私の担当は玄なんとかという名で占い師をしている胡散臭そうなオッサン。

占い師というものは得てして何か含蓄のありそうな様相をしている。
相手を信じ込ませるためのテクニックだろう。ハロー効果的なやつ。

サングラスをしている人間は、得体の知れなさ、「コイツ、なんかある」的な印象を周囲に与えがちだが、それと同じだ。

なお、ハロー効果とは、

ある対象を評価するときに、目立ちやすい特徴に引きずられて他の特徴についての評価が歪められる現象のこと。 光背効果、後光効果とも呼ぶ。

Wikipedia ハロー効果

例えば、名もなき学生と有名な芸能人なら、たとえ同じことを言っていても、後者の発言の方が権威を以て迎えられる。そういうやつ。

最初に、何を占ってほしいかを尋ねられたので、私もその気になって、当時1年後に行くことを検討していた中南米への留学がどんな風になるか、当時付き合っていた人との関係がどんな風になるか、などを知りたいと述べた。まあ、本当に分かってしまったら人生つまらないのだけれど。

私と彼女の生年月日を尋ねられたので教えた。
すると、何やら辞書的なものを取り出し、紙に漢字を記入していく。

何だかそれっぽくて笑えてくる。
占いにおいてうまい雰囲気を出すのは非常に大切だ。

まずは私の性格分析的なものからスタート。
コールドリーディングは最初の質問から始まっていた。

なお、コールドリーディングとは、

外観を観察したり何気ない会話を交わしたりするだけで相手のことを言い当て、相手に「わたしはあなたよりもあなたのことをよく知っている」と信じさせる話術である。

Wikipedia – コールドリーディング

彼は「留学」という言葉に反応を示してきた。

彼の持つ留学というものに関するイメージを動員した結果、勉強熱心であるという人物像が勝手に作られてしまったようで、「あなたは非常に考える方だ」だとか「非常に勉強を頑張っていますね」といった類の言葉を何度もかけられた。少なくとも当時は勉学においては怠慢な学生だったのだが。

何の勉強をされているんですかと尋ねられて「国際関係学や文化人類学」と答えるとキョトンとしたような様子で一瞬間が空いたのち「良いと思います!」と言われてすぐに話題が変わった。それがなんたるか分かっていない様子があからさまであった。

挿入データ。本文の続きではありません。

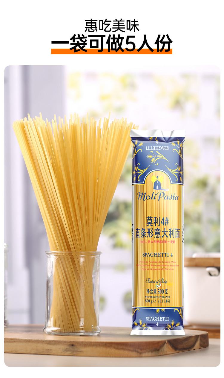 莫利 意大利进口 4#直条形意大利面 500g/包

言うまでもなく、彼は誰にでも当てはまるようなことばかり言うことでバーナム効果を狙ってきやがった。

なお、バーナム効果とは、

誰にでも該当するような曖昧で一般的な性格をあらわす記述を、自分だけに当てはまる性格だと捉えてしまう心理学の現象。

Wikipedia – バーナム効果

例えば、血液型診断のような性格診断は、誰にでも当てはまるようなことばかり書いている。
中学時代、4人家族で4種の血液型をコンプリートしていたYくんが血液型別の性格を説明した本を学校に持ってきていたので読んでみたが、当てはまり度合いはいずれもあまり差がなかった。

当然ながら当たっているものもあれば当たっていないものもあったが、いちいち指摘していては時間がなくなるし、何の解決にもならない(そもそも本当に占いを当てにしようとしているわけではなく、あくまで占いの世界を覗くのが目的である)ので、占い全体を通してバカなフリをして「なるほど~」などと相づちを打ちつづけて過ごした。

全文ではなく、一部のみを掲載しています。